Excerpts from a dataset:
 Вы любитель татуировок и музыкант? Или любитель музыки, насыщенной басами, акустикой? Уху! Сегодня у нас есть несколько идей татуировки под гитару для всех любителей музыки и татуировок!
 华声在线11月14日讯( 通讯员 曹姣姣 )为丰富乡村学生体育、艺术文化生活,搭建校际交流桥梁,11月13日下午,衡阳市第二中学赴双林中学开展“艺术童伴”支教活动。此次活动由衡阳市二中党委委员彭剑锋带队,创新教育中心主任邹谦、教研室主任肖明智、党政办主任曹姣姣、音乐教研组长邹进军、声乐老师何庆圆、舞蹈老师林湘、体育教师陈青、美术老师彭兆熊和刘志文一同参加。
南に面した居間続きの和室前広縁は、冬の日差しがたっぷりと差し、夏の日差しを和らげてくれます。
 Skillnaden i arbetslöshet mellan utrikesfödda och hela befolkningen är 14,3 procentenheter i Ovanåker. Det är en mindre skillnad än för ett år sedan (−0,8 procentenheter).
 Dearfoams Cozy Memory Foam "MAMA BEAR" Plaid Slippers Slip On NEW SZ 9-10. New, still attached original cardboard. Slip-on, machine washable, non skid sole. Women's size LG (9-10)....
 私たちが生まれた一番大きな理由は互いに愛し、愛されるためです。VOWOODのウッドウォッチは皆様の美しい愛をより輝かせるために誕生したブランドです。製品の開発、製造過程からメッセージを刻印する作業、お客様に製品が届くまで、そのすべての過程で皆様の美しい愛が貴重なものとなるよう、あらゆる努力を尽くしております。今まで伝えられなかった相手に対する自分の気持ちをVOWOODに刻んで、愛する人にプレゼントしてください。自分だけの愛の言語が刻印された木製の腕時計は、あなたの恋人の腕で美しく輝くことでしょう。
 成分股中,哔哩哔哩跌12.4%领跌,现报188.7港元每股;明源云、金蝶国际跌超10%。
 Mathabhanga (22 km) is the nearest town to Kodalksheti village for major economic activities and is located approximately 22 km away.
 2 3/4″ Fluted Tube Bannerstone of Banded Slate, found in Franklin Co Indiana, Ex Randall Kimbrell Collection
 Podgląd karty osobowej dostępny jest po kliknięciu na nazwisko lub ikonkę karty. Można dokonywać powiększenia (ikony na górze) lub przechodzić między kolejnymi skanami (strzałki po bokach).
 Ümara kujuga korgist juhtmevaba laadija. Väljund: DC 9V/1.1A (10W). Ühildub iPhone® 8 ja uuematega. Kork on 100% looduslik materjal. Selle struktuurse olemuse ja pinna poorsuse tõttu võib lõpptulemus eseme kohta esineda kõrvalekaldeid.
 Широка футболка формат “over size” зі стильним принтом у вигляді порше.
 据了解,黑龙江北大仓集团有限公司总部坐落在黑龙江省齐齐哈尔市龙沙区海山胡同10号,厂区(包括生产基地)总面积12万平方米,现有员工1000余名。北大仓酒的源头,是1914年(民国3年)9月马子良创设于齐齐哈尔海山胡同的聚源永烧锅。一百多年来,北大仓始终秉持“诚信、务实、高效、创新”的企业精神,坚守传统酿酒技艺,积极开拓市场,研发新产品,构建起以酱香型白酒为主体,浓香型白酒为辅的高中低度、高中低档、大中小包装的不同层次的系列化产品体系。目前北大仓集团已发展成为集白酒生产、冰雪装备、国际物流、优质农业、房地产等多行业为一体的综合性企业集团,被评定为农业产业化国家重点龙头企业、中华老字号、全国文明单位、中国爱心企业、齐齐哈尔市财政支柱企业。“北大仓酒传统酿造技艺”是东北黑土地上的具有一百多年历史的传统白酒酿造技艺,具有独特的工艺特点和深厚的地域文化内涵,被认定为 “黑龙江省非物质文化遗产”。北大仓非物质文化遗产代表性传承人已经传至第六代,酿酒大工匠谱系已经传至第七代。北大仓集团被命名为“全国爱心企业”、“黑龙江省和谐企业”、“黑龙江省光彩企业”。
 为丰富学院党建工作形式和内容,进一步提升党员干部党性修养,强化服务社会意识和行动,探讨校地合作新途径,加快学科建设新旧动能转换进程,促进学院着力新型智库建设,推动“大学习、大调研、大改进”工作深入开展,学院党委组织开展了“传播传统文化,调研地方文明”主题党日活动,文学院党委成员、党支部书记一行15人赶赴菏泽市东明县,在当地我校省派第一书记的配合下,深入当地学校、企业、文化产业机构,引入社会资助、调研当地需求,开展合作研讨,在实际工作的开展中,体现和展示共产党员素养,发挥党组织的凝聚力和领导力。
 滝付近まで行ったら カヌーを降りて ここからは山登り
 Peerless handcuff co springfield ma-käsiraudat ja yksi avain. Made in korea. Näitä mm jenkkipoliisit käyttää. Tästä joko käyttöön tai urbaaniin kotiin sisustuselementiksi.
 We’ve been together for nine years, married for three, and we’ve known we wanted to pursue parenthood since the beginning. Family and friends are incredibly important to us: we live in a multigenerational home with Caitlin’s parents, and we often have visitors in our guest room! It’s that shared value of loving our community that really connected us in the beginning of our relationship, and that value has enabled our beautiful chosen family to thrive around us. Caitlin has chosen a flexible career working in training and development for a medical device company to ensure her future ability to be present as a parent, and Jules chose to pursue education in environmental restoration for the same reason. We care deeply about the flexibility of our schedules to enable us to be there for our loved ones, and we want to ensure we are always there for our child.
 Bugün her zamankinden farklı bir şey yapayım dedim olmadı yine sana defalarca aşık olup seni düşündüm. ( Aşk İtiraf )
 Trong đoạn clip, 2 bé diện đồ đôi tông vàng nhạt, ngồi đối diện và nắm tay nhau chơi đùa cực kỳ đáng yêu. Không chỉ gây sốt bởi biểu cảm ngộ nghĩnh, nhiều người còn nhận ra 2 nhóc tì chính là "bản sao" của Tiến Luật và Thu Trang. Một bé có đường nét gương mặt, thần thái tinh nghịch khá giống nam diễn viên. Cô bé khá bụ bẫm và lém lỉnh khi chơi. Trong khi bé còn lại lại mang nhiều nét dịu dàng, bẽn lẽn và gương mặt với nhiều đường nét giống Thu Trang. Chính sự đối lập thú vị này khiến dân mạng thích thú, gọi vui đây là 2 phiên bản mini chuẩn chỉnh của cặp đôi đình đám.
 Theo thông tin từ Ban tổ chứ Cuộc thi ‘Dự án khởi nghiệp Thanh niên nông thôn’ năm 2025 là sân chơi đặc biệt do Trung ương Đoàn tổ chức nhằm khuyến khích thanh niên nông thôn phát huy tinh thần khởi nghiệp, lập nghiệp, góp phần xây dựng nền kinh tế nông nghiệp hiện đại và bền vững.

- WORK TASK: The answer is a portion of the data. Write out exactly the line with "Trong đoạn clip, 2" and all lines after it.

- YOUR SOLUTION:
 Trong đoạn clip, 2 bé diện đồ đôi tông vàng nhạt, ngồi đối diện và nắm tay nhau chơi đùa cực kỳ đáng yêu. Không chỉ gây sốt bởi biểu cảm ngộ nghĩnh, nhiều người còn nhận ra 2 nhóc tì chính là "bản sao" của Tiến Luật và Thu Trang. Một bé có đường nét gương mặt, thần thái tinh nghịch khá giống nam diễn viên. Cô bé khá bụ bẫm và lém lỉnh khi chơi. Trong khi bé còn lại lại mang nhiều nét dịu dàng, bẽn lẽn và gương mặt với nhiều đường nét giống Thu Trang. Chính sự đối lập thú vị này khiến dân mạng thích thú, gọi vui đây là 2 phiên bản mini chuẩn chỉnh của cặp đôi đình đám.
 Theo thông tin từ Ban tổ chứ Cuộc thi ‘Dự án khởi nghiệp Thanh niên nông thôn’ năm 2025 là sân chơi đặc biệt do Trung ương Đoàn tổ chức nhằm khuyến khích thanh niên nông thôn phát huy tinh thần khởi nghiệp, lập nghiệp, góp phần xây dựng nền kinh tế nông nghiệp hiện đại và bền vững.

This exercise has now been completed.